Cada um tem sua própria régua interna. "É importante medir se a cautela se transformou em um medo ameaçador que está limitando a vida, ou ajuda para que possa ponderar e estabelecer melhores decisões", ensina Mauro. Por isso, se a pessoa anda sentindo um medo constante e desconfortável, vale buscar ajuda de um psiquiatra para analisar em que nível essa apreensão se encontra.

É importante destacar que a pessoa que sofre com esse quadro não se percebe doente. "Geralmente, quanto mais grave a doença mental, menos consciência ou percepção a pessoa tem de que está realmente experimentando o sintoma de paranoia", confirma Marques. Portanto, aos que percebem uma mudança de comportamento em alguém que passa a questionar tudo, se isolar, não querer falar ou sempre achar que tem algo ameaçador, apresentando mudanças em relação ao comportamento anteriormente, considere indicá-lo a uma avaliação psiquiátrica.
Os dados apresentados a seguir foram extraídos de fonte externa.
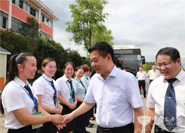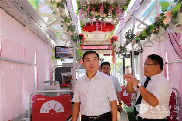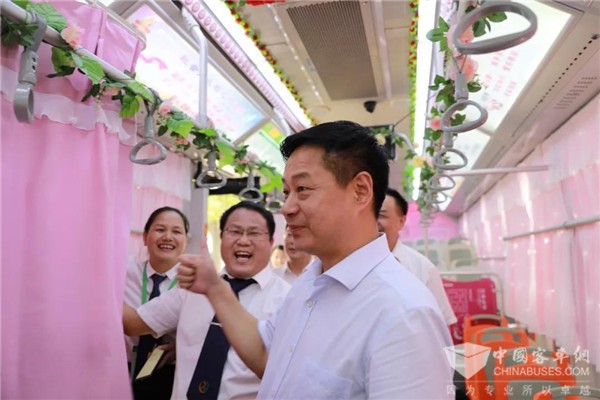 永州市市委书记严华慰问永州公交22路“巾帼示范线”,他走进公交车上,看到车长们精心布置的特色车厢文化、爱心药箱、爱心座椅、防晒窗帘后,严华书记竖起大拇指连声称赞:“好!好!确实好!”

Já os melhores antídotos para a paranoia do dia a dia são o suporte social, a amizade, o humor e atividades voltadas à qualidade de vida como meditação, esporte e espiritualidade. Até mesmo a fuga do noticiário constante e principalmente das fake news pode ajudar. "Não disseminar informações de caráter parcial e duvidoso pode ser particularmente útil e socialmente responsável num momento tão delicado como o que vivemos", finaliza Leite.